California Supreme Court Clarifies Standing Requirements for UCL Claims Alleging Misleading Product Labels

The California Supreme Court's January 27, 2011 decision in Kwikset Corp. v. Superior Court (Benson) (Jan. 27, 2011, S171845) ___ Cal.4th ___, upholds the importance of consumer product labeling and clarifies the standing requirements under California's Unfair Competition and False Advertising laws in the wake of Proposition 64's enactment in 2004.  In reversing the Fourth District Court of Appeal, the California Supreme Court held that plaintiffs who allege facts showing that a product's label deceived them into purchasing that product, which they otherwise would not have bought, have effectively alleged that they "lost money or property" within the meaning of Proposition 64 and thus have standing to sue.

This case arises from Kwikset Corporation's ("Kwikset") manufacturing and sale of locksets that it labeled as "Made in U.S.A."  Plaintiff Benson filed a representative class action lawsuit against Kwikset under California's Unfair Competition ("UCL") and False Advertising laws (Cal. Bus. & Prof. Code Sections 17200 and 17500) to challenge the labels' veracity.  After the trial, the court entered judgment for Benson.  While the case was pending on appeal, the voters enacted Proposition 64, which called into question Benson's standing to challenge Kwikset's country of origin representations.  The Court of Appeal remanded with instructions to permit Benson to add additional plaintiffs (collectively "Plaintiffs") to the complaint.  These new Plaintiffs alleged they each purchased Kwikset's locksets and would not have done so but for the "Made in U.S.A." labeling. 1

In response to the amended complaint, Kwikset demurred on the ground of Plaintiffs' lack of standing, but the trial court overruled holding that Plaintiffs had adequately alleged their standing in accord with Proposition 64.  Kwikset obtained a writ from the Court of Appeal which directed the trial court to sustain the demurrer and held that "while plaintiffs had adequately alleged injury in fact, they had not alleged any loss of money or property," as the amended statutes now require.  In so reasoning, the Court of Appeal observed that Plaintiffs "had spent money but also received [a product] in return" which they did not allege was "overpriced or defective."  Thus, while their "patriotic desire to buy fully American-made products was frustrated, that injury was insufficient to satisfy the standing requirements of sections 17204 and 17535."

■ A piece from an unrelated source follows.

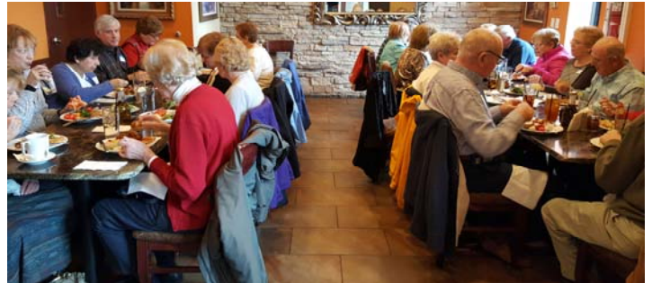
Above: The Lunch Bunch dine at Limoncello's in Chester Springs Nov. 13. Below: Jefferson Village Ice Cream Social at the Community Center, Sept. 14

Please join us. It's a great way to meet your neighbors.

The Supreme Court granted review to further explicate the UCL and False Advertising law's standing requirements under Proposition 64, specifically focusing on the added "lost money or property" requirement.  The Court began its analysis by stating the effect of Proposition 64, i.e., to permit "private standing ? to any 'person who has suffered injury in fact and has lost money or property' as a result of unfair competition."  It next observed that, because "economic injury is itself a form of injury in fact, proof of lost money or property will largely overlap with proof of injury in fact.  If a party has alleged or proven a personal, individualized loss of money or property in any nontrivial amount, he or she has also alleged or proven injury in fact."  The Court further held that "a plaintiff must show that the misrepresentation was an immediate cause of the injury-producing conduct ?;" however, a "plaintiff is not required to allege that [the challenged] misrepresentations were the sole or even the decisive cause of the injury-producing conduct."  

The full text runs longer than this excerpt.